__What the task asks__. Exact duplicates of the lines from the top of the data through the line containing "所述供電模塊1中的SOFC燃" are needed, with every picture left out.

__Input data__.
----

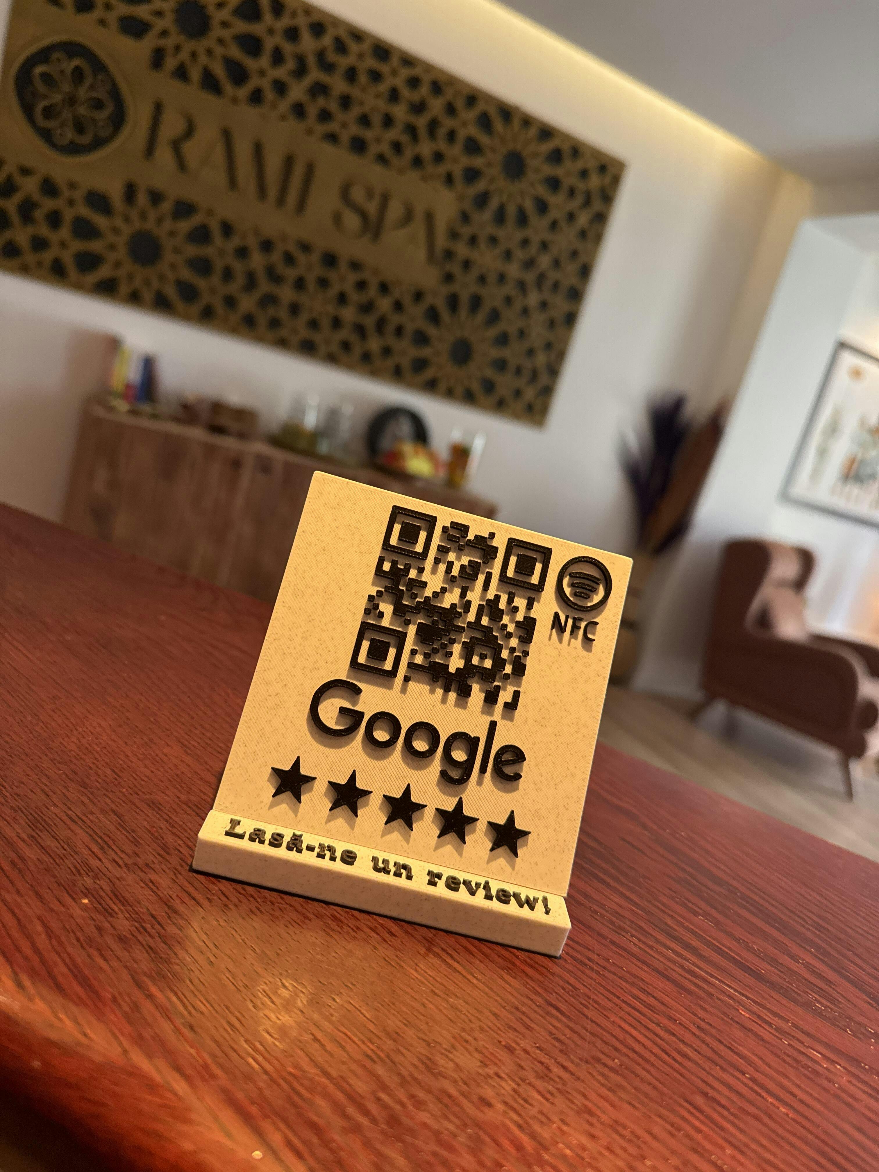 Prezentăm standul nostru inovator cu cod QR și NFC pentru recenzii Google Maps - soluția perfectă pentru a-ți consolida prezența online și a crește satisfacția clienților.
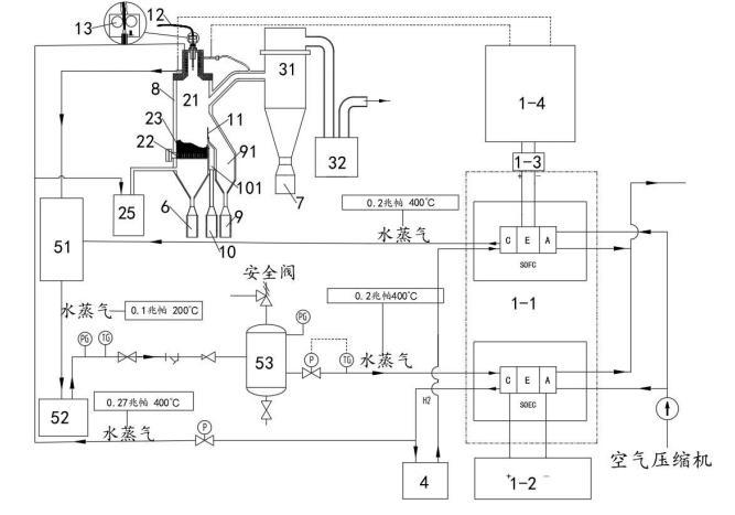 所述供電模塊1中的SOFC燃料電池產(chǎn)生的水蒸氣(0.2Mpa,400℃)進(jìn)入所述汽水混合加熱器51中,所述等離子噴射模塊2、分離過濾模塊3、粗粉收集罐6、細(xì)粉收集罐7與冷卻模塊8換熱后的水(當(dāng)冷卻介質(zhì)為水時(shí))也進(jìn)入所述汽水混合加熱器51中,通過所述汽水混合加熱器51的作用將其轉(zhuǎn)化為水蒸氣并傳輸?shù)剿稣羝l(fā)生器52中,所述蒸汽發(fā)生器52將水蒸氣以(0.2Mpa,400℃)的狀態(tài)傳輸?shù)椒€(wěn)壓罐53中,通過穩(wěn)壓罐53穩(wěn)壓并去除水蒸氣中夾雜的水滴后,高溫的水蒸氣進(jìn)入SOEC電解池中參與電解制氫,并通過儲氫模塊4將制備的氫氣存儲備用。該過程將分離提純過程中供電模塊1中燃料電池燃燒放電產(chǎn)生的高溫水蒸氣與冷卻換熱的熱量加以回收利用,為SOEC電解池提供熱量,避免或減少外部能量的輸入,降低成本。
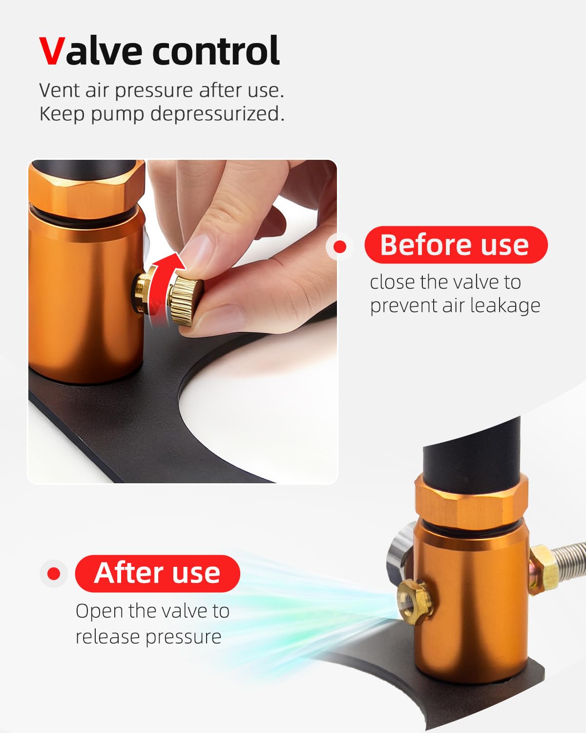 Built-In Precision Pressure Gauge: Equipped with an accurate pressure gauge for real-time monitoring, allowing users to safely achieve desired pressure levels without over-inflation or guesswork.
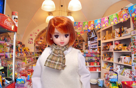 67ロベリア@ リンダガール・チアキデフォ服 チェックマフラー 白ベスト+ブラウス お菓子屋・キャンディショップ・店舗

----

__Solution for this exercise__.
 Prezentăm standul nostru inovator cu cod QR și NFC pentru recenzii Google Maps - soluția perfectă pentru a-ți consolida prezența online și a crește satisfacția clienților.
 所述供電模塊1中的SOFC燃料電池產(chǎn)生的水蒸氣(0.2Mpa,400℃)進(jìn)入所述汽水混合加熱器51中,所述等離子噴射模塊2、分離過濾模塊3、粗粉收集罐6、細(xì)粉收集罐7與冷卻模塊8換熱后的水(當(dāng)冷卻介質(zhì)為水時(shí))也進(jìn)入所述汽水混合加熱器51中,通過所述汽水混合加熱器51的作用將其轉(zhuǎn)化為水蒸氣并傳輸?shù)剿稣羝l(fā)生器52中,所述蒸汽發(fā)生器52將水蒸氣以(0.2Mpa,400℃)的狀態(tài)傳輸?shù)椒€(wěn)壓罐53中,通過穩(wěn)壓罐53穩(wěn)壓并去除水蒸氣中夾雜的水滴后,高溫的水蒸氣進(jìn)入SOEC電解池中參與電解制氫,并通過儲氫模塊4將制備的氫氣存儲備用。該過程將分離提純過程中供電模塊1中燃料電池燃燒放電產(chǎn)生的高溫水蒸氣與冷卻換熱的熱量加以回收利用,為SOEC電解池提供熱量,避免或減少外部能量的輸入,降低成本。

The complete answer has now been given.